- Asadov in the late 1930s
- Born: September 7, 1923 Merv, Turkestan ASSR, Soviet Union
- Died: April 21, 2004 (aged 80) Odintsovo, Russia
- Occupations: poet, writer

= Eduard Asadov =

Russian poet and writer born in ASSR

Eduard Arkadyevich Asadov (Эдуа́рд Арка́дьевич Аса́дов; September 7, 1923 – April 21, 2004) was a Russian poet and writer.

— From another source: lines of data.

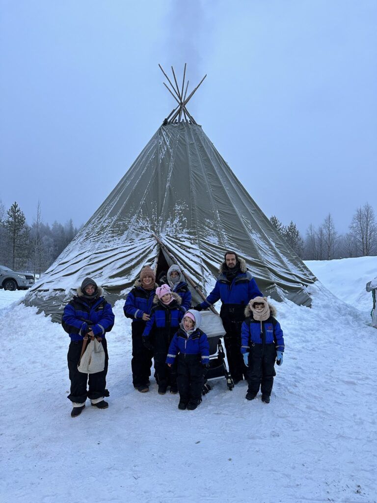 La familia con el lavvu o tipi
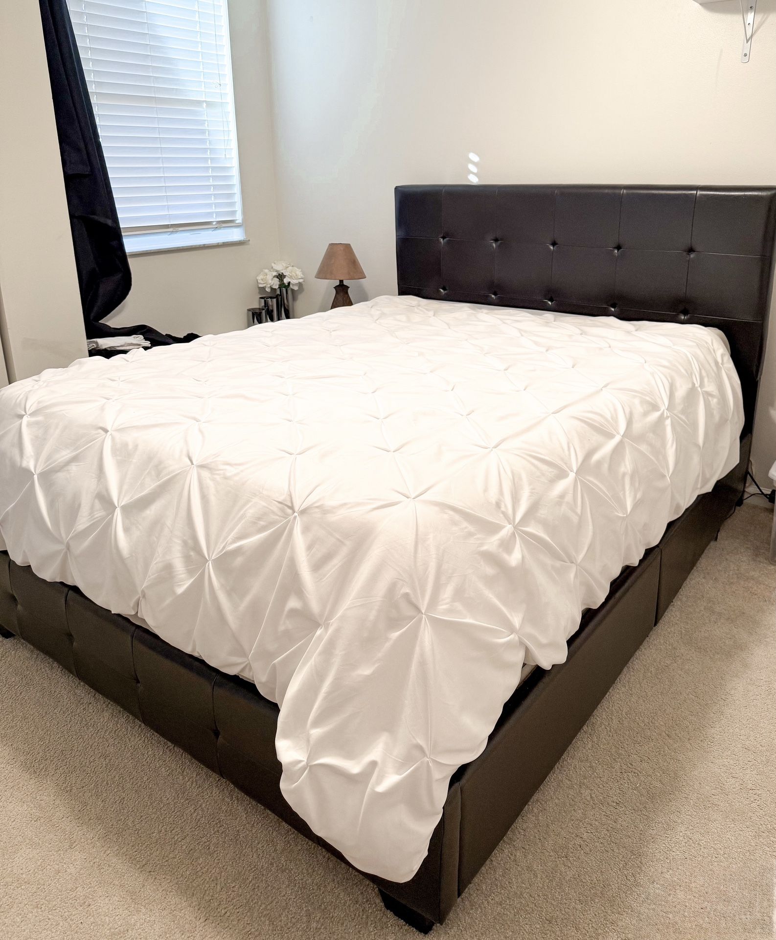 Faux Leather Queen Bed Frame + Headboard. Dark brown. Pre-owned. Good condition, besides a few scratches. *Must pick up and move in Boynton.* you will need 2 people. Thanks!
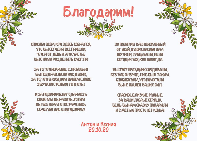 Благодарность невесты мамам
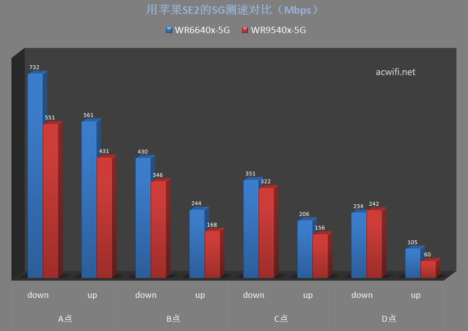 在四个位置里,WR6640X的5G速度都比WR9540X快。
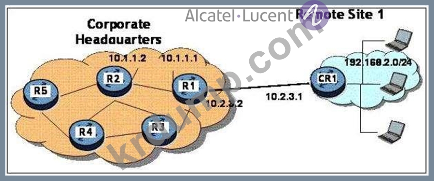 네트워크 다이어그램(Exhibit 버튼 클릭)을 기반으로 R1에 대한 기본 고정 경로를 설정하기 위해 CR1에서 사용되는 접두사, 마스크 및 다음 홉은 무엇입니까?
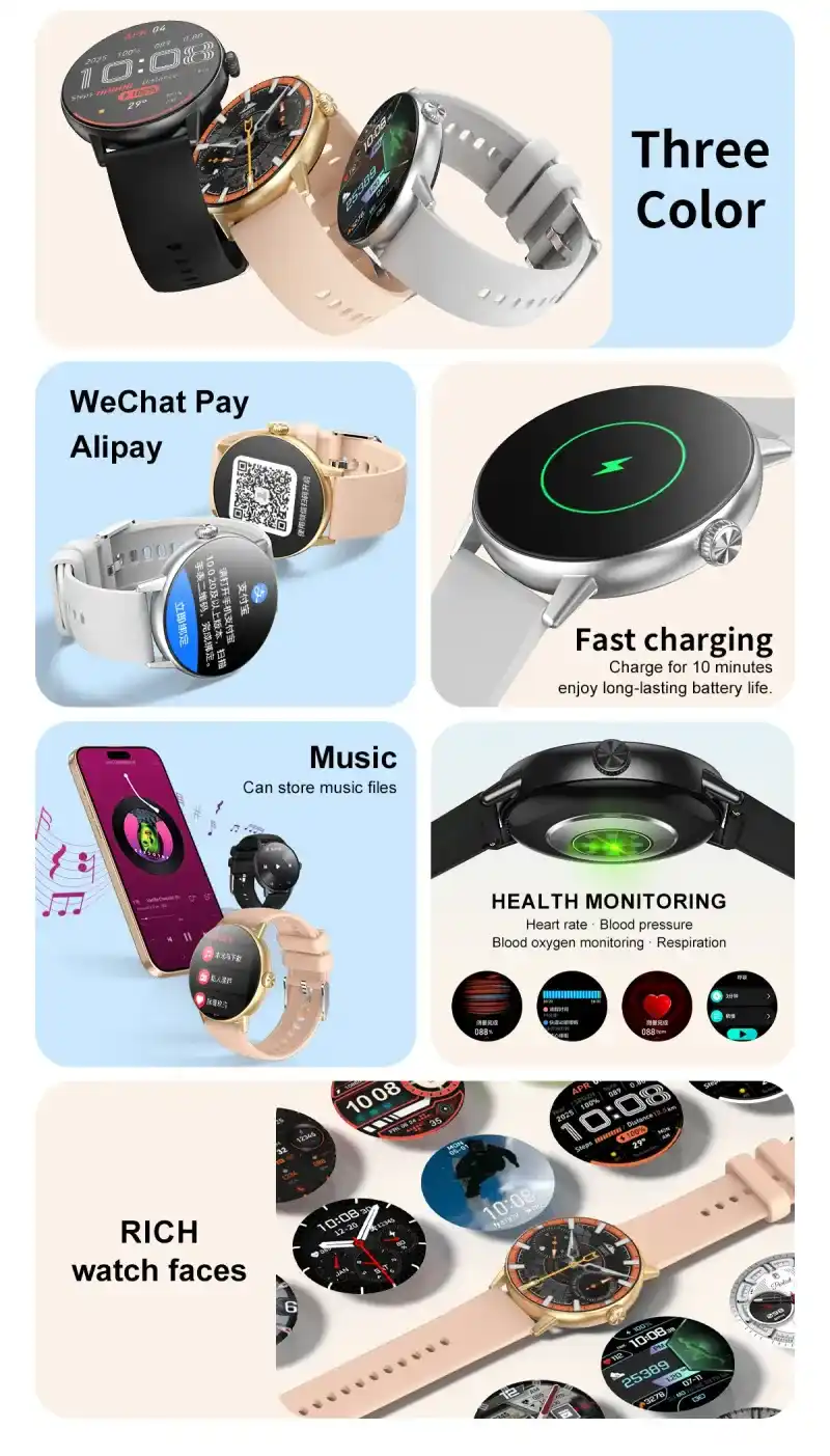 Sports, heart rate, Diapad, Active record, Sleep, Weather, Blood Oxygen, Music, Breathe, Sport History, Contact, Recents, Messages, Calculator, Game, Alarm Clock, Stopwatch, Timer, Flashlight, Find Device,Camera, Setting, Vibration strength, Brightness, Languages, Power save, Lock screen, USB mode, Reminder mode
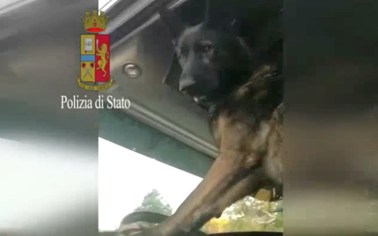 Gimbo, il cane poliziotto che suona il clacson quando trova la droga
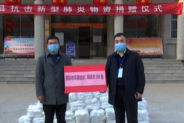 2月12日,范縣農(nóng)商銀行捐款20萬元,大豐國際捐款兩萬元、范縣復明眼科醫(yī)院捐款兩萬元,丁氏印刷捐款1萬元,濮陽市華源紡織有限公司捐贈隔離衣200套,愛心企業(yè)用實際行動詮釋了大愛無言,為全縣打贏疫情防控阻擊戰(zhàn)增添了信心和力量。
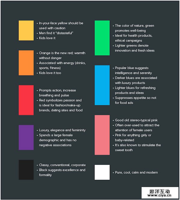 所以,当你开始考虑色彩的心理学属性的时候,尽量将整个配色方案作为整体来进行衡量,而不是单独为某个部分选取一个色彩,以期它能与其他部分协调工作。
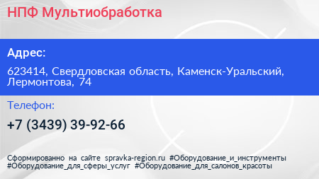 НПФ Мультиобработка по адресу 623414, Свердловская область, Каменск-Уральский, Лермонтова, 74 в дальнейшем Организация, размещена в следующих категориях:
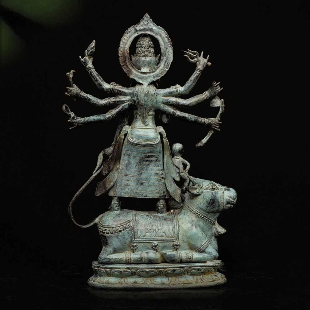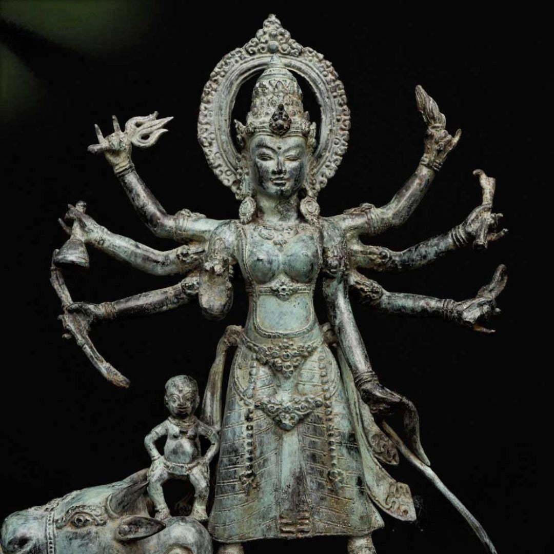 Own a magnificent representation of Goddess Durga standing victorious over the buffalo demon Mahishasura—a powerful symbol of divine strength and triumph when all other gods were unable to prevail. Shown with eight majestic arms, she firmly holds the buffalo’s tail while bearing sacred symbols including a bow, trident, flower, elephant goad, and arrow, with her right hand raised in vitarka mudra, the gesture of wisdom and teaching. Accented with a rare antique patina featuring a subtle blue hue, this Balinese bronze sculpture is a striking and collectible work of sacred art.

Born in the town of Merv, Turkestan ASSR. Both parents were teachers. Father (born 1898) fought Dashnaks in the Caucasus during the Civil War. After his father's death in 1929, Eduard and his mother moved to Sverdlovsk to her father Ivan Kalustovich Kurdov.
At the age of 8 Eduard composed his first poem, then entered the Pioneers' Organization and, later, Komsomol. Moved to Moscow in 1939, studied at school No.38 and until finishing in 1941. A week after graduation the USSR entered the Great Patriotic War. Asadov went to the front as a volunteer. As a soldier he was a mortar spotter, then assistant to commander of Katyusha battery at North-Caucasian and 4th Ukrainian Fronts.
On the night of May 3–4, 1944 defending Sevastopol he was badly wounded by a shell fragment hitting his face. Hardly conscious he managed to drive his munition truck down to the artillery battery. After continuous treatment in many hospitals surgeons had not managed to save his eyes; to the end of his life he wore a black mask.
His memories of those tragic times:

"... What next? Next was hospital and twenty-six days of struggle between life and death. "To be or not to be?" the question was literally as simple as that. Delirious when unconscious, at short times of conscience I dictated postcard messages to mom trying hard to avoid words of dismay. That was really hard time, but youth and life overcame. By the way, there was a long row of hospitals that I went through. From Mamashai I was moved to Saki, then Simferopol, then Kislovodsk Hospital named after 10th Anniversary of October (sanatorium by now) and finally Moscow. Trips, surgeons, scalpels, bandages and the hardest point - doctors' verdict: "You have everything ahead. Everything but the light...". That was what I had to admit, endure and realize and on my own to solve the problem "To be or not to be?" After many sleepless nights when I had to estimate everything and finally answer "Yes!" as to set for myself the greatest and the most important goal and chase it with no way to give up. I got back to poetry. I wrote day and night, before and after the surgery, through thick and thin. Though realizing it was still far from ideal I kept working hard and trying over and over. No matter how strong is the man's will and his commitment to the goal, no matter how great is his effort, the true success is never guaranteed. Poetry, like any kind of arts, requires talent, gift, sense of mission. And it is quite hard to evaluate your own poems because your sight here is the most biased one.... I will never forget that first of May 1948, and the extent of my happiness as I held in my hand an issue of Ogonyok magazine which I bought by the House of Scientists and which had my poems typed on its pages. That's it, MY poems, not anyone else's! Celebrating marchers were passing by me and still I was probably more celebrating than anyone in Moscow!"

In 1946 Eduard entered the Maxim Gorky Literature Institute, from which he graduated with honour in 1951. In the same year his first collection of poems named "Path of Light" was published. Subsequently, Asadov became a member of the Communist Party of the USSR and the Union of Writers.
He later lived in the writers' village Krasnovidovo. He died in Odintsovo on 21 April 2004. His tomb is in Moscow's Kuntsevo Cemetery. The poet's will specified that his heart was to be buried in the Sapun Mountain in Sevastopol, but according to representatives of the Sapun Mountain Museum his will was never fulfilled because of the family's objections.